__What is being asked__. In the entries below, find each line with the word "gode" and return it.

__Material for this task__.
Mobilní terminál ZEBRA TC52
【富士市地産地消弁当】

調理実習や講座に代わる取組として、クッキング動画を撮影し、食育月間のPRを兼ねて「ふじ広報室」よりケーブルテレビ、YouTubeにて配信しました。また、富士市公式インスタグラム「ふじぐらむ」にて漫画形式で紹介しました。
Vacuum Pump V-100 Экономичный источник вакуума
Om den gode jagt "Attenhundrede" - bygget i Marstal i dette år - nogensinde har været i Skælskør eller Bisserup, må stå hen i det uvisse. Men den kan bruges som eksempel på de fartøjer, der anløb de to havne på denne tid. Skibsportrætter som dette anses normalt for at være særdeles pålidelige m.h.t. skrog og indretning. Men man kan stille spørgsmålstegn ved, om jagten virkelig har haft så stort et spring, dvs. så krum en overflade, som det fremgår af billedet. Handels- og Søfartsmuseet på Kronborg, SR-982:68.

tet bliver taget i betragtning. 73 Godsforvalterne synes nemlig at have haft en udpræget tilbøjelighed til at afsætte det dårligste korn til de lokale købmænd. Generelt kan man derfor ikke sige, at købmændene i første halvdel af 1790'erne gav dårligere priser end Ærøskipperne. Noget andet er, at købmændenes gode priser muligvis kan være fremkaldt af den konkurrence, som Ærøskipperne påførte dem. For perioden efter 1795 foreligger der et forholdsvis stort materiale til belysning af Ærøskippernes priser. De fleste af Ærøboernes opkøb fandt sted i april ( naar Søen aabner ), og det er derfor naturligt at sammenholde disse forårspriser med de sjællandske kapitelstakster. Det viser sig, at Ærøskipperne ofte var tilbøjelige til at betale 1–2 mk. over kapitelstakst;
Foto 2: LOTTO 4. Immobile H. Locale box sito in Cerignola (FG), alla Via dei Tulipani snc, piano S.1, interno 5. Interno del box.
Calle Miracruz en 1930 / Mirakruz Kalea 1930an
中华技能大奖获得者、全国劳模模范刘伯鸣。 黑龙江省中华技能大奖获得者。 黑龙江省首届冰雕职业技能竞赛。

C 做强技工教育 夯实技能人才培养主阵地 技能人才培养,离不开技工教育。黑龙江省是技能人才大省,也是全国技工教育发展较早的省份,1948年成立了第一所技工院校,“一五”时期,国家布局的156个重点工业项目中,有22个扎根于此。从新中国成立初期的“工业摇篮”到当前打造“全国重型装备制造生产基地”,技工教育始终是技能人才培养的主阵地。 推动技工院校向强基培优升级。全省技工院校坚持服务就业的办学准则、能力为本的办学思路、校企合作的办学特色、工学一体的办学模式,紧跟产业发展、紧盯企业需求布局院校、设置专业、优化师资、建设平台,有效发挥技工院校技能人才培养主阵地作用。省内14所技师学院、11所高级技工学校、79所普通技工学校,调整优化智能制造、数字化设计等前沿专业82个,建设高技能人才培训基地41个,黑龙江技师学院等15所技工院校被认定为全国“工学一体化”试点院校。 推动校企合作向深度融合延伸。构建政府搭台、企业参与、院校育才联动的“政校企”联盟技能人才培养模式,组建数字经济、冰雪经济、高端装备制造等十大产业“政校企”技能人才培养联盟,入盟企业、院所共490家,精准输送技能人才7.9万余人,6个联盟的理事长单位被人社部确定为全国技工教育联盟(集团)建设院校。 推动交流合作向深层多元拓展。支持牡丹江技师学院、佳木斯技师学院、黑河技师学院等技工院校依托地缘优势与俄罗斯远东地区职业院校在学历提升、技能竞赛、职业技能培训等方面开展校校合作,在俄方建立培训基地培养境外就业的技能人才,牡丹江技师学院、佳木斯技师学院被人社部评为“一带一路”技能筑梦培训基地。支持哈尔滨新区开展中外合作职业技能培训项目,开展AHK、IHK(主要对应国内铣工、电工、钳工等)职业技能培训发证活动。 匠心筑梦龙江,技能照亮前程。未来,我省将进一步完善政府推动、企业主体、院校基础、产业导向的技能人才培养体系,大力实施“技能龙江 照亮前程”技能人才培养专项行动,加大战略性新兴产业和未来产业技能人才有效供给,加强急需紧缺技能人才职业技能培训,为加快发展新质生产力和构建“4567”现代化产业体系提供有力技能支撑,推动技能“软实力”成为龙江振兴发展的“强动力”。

...

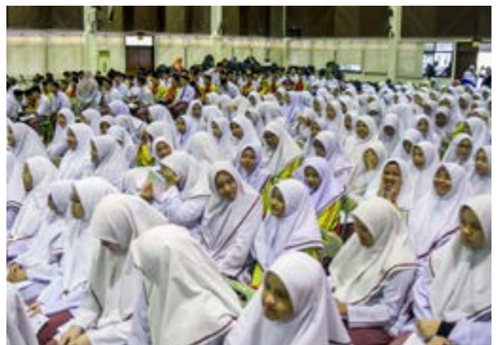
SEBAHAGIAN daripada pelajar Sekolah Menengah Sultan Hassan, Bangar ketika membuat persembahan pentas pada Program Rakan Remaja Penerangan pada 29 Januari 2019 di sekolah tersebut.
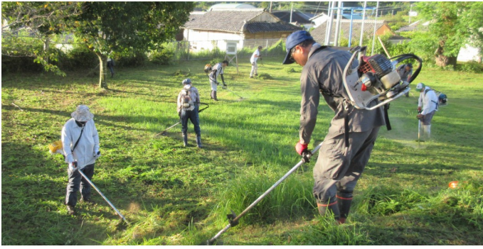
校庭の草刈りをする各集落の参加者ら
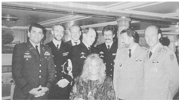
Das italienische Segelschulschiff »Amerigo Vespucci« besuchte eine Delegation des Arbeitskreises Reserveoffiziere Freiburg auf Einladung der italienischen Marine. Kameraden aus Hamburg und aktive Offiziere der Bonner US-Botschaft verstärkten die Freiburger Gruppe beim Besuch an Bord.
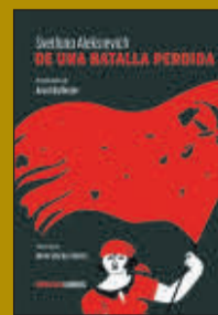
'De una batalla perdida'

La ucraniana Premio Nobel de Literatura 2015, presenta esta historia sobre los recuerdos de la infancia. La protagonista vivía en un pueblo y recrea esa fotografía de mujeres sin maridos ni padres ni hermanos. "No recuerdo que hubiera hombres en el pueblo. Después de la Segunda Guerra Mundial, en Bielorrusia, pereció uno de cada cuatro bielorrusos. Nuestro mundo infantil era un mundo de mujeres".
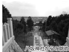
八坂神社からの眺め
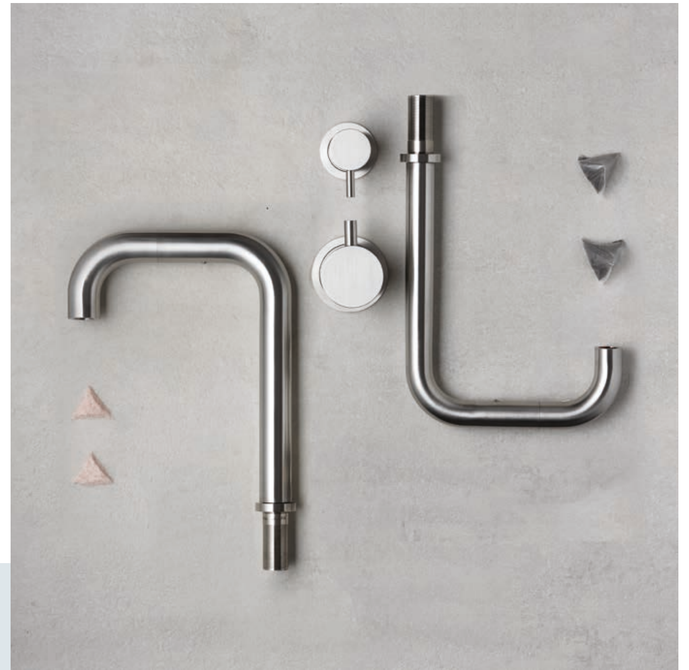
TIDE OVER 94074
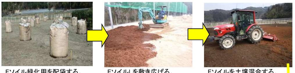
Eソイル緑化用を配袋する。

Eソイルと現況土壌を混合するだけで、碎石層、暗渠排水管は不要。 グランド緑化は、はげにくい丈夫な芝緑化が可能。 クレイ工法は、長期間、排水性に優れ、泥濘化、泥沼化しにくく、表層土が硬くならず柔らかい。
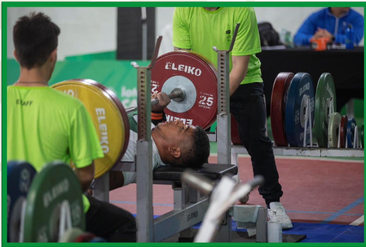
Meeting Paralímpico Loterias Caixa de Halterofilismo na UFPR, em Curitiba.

__Written response__.
Om den gode jagt "Attenhundrede" - bygget i Marstal i dette år - nogensinde har været i Skælskør eller Bisserup, må stå hen i det uvisse. Men den kan bruges som eksempel på de fartøjer, der anløb de to havne på denne tid. Skibsportrætter som dette anses normalt for at være særdeles pålidelige m.h.t. skrog og indretning. Men man kan stille spørgsmålstegn ved, om jagten virkelig har haft så stort et spring, dvs. så krum en overflade, som det fremgår af billedet. Handels- og Søfartsmuseet på Kronborg, SR-982:68.
tet bliver taget i betragtning. 73 Godsforvalterne synes nemlig at have haft en udpræget tilbøjelighed til at afsætte det dårligste korn til de lokale købmænd. Generelt kan man derfor ikke sige, at købmændene i første halvdel af 1790'erne gav dårligere priser end Ærøskipperne. Noget andet er, at købmændenes gode priser muligvis kan være fremkaldt af den konkurrence, som Ærøskipperne påførte dem. For perioden efter 1795 foreligger der et forholdsvis stort materiale til belysning af Ærøskippernes priser. De fleste af Ærøboernes opkøb fandt sted i april ( naar Søen aabner ), og det er derfor naturligt at sammenholde disse forårspriser med de sjællandske kapitelstakster. Det viser sig, at Ærøskipperne ofte var tilbøjelige til at betale 1–2 mk. over kapitelstakst;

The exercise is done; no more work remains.